Bilder werden nachgeliefert. Die sind Zuhause auf dem Rechner.


----------



## Sockeye (4. März 2003)

*Teil 5 Cohos und das Derby*

Der Silberlachs-Run war 1 Woche zu früh. Normalerweise stehen die Silberlachse um diese Zeit noch im Meer, bzw drängen langsam in die Fjorde.

Da noch niemand mit den Cohos, so früh gerechnet hat, waren die Silver Charter öfters nicht ausgebucht. Einer von Steves Guides, Joe hatte auf seinem Silver-Trip noch einen Platz frei und ich konnte zum halben Preis mitfahren. 4:00 Uhr Abfahrt, wir wollten vor Sonnenaufgang angeln, da die Cohos zu der Zeit am aktivsten seien. Wir fuhren ca 5 Meilen den Kenai runter und ankerten neben einer kleinen Flussinsel, ca 3m vom Ufer. Kräftige Ruten mit mittleren* Multis, geflochtener Schnur und das obligatorische Stahlvorfach wurden vorbereitet. 

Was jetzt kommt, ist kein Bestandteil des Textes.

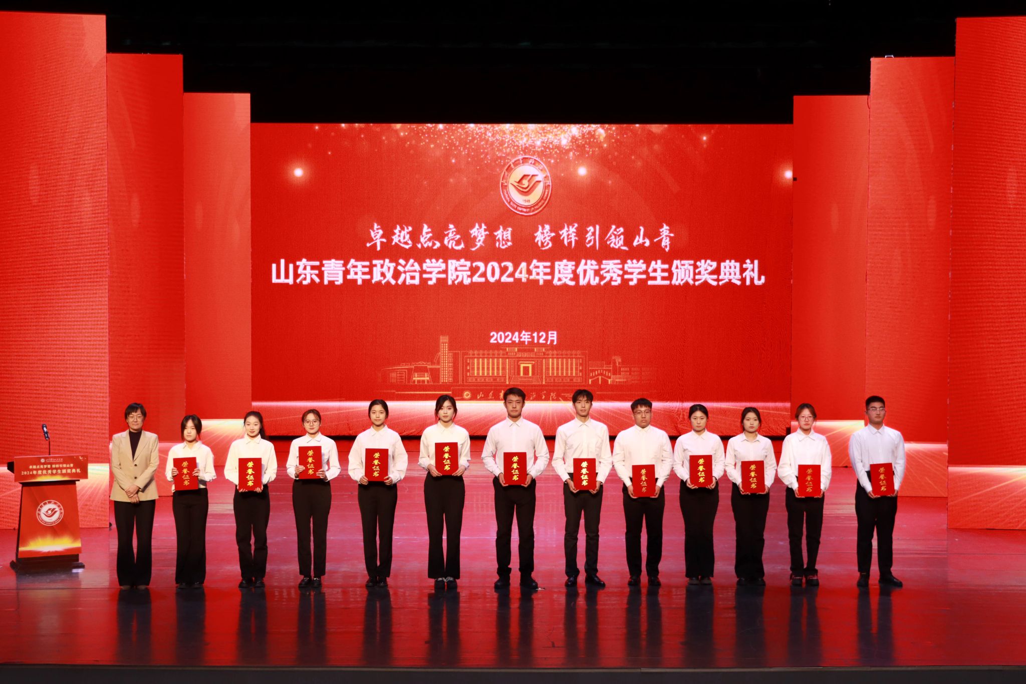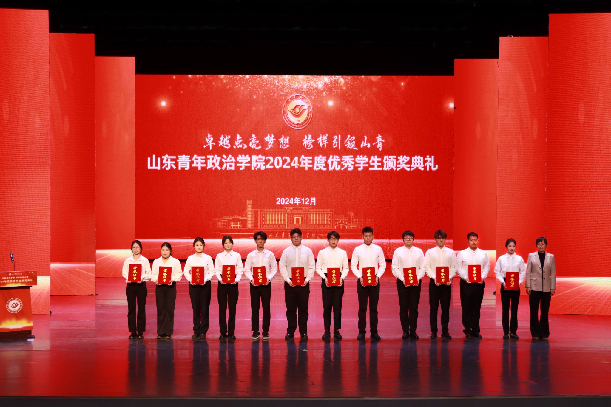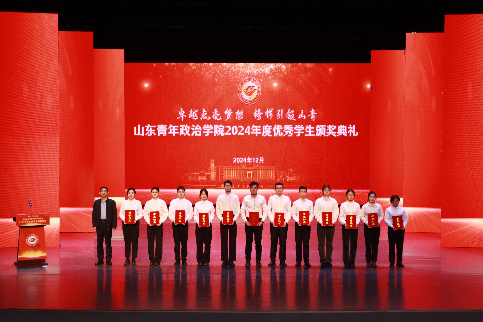 12月26日,学校2024年度优秀学生颁奖典礼在山青剧院成功举行。学校党委书记魏艳菊,党委副书记、院长辛杰,党委委员、副院长李玉英、于秀国,党委委员、纪委书记、监察专员高洪海,党委委员、副院长陈龙溪,党委委员、宣传部部长石瑞宝,党委委员、统战部部长、机关党委书记范红伟出席典礼。

Die rot gefärbten Lachseier wurden mit einem 5oz Blei ca. 10m geworfen. Dann hieß es Warten und durch leichtes zupfen, das Blei ein paar cm weiter flussabwärts zu bouncen. Eine halbe Stunde verging und abgesehen von Dolly's, die den Köder abfraßen passierte nichts.

Joe ließ den Motor an lichtete den Anker und versetzte das Boot um 50cm! näher an das Ufer. Ich schaute ein wenig verwundert aber dachte mir wat-solls, füttern wir weiter die Forellen. Keine zwei Minuten später der vorsichtige Biss, kurz gewartet und dann langsam aber kräftig den Haken gesetzt. Dann ging es Schlag auf Schlag und alle im Boot hatten ihr Limit von 2 Cohos. Um 6:00 Uhr waren wir wieder in der Lodge zum Frühstück.

Am nächsten Tag wollte ich den Gesellen mal vom Ufer aus nachstellen und machte mich auf zum Beaver-Loop. Die Flut hatte gerade ihren Höchststand und 5-6 Einheimische bauten ihre Angeln auf. So feines Geschirr, wie vom Charter, hatte ich nicht zur Verfügung. Eine kräftige Spinnrute mit einer vermurksten Stationärrolle mussten es auch tun. Schnur hatte ich eine 40Pfund Monofil drauf, ein 5oz Pyramiden-Blei wegen dem sehr schlammigen Boden im Mündungsgebiet, Grossen Haken mit selbstgefärbten Rotlachseieren mit einem Stück Kork um das ganze ein wenig anzuheben. Der Vormittag brachte mir zwei schöne 8-Pfünder.






*Das Silver Salmon Derby in Seward*

Die grosse Resurrection Bay bildet das Schlachtfeld, auf dem sich hunderte von Anglern aus aller Welt um den größten Coho bemühen.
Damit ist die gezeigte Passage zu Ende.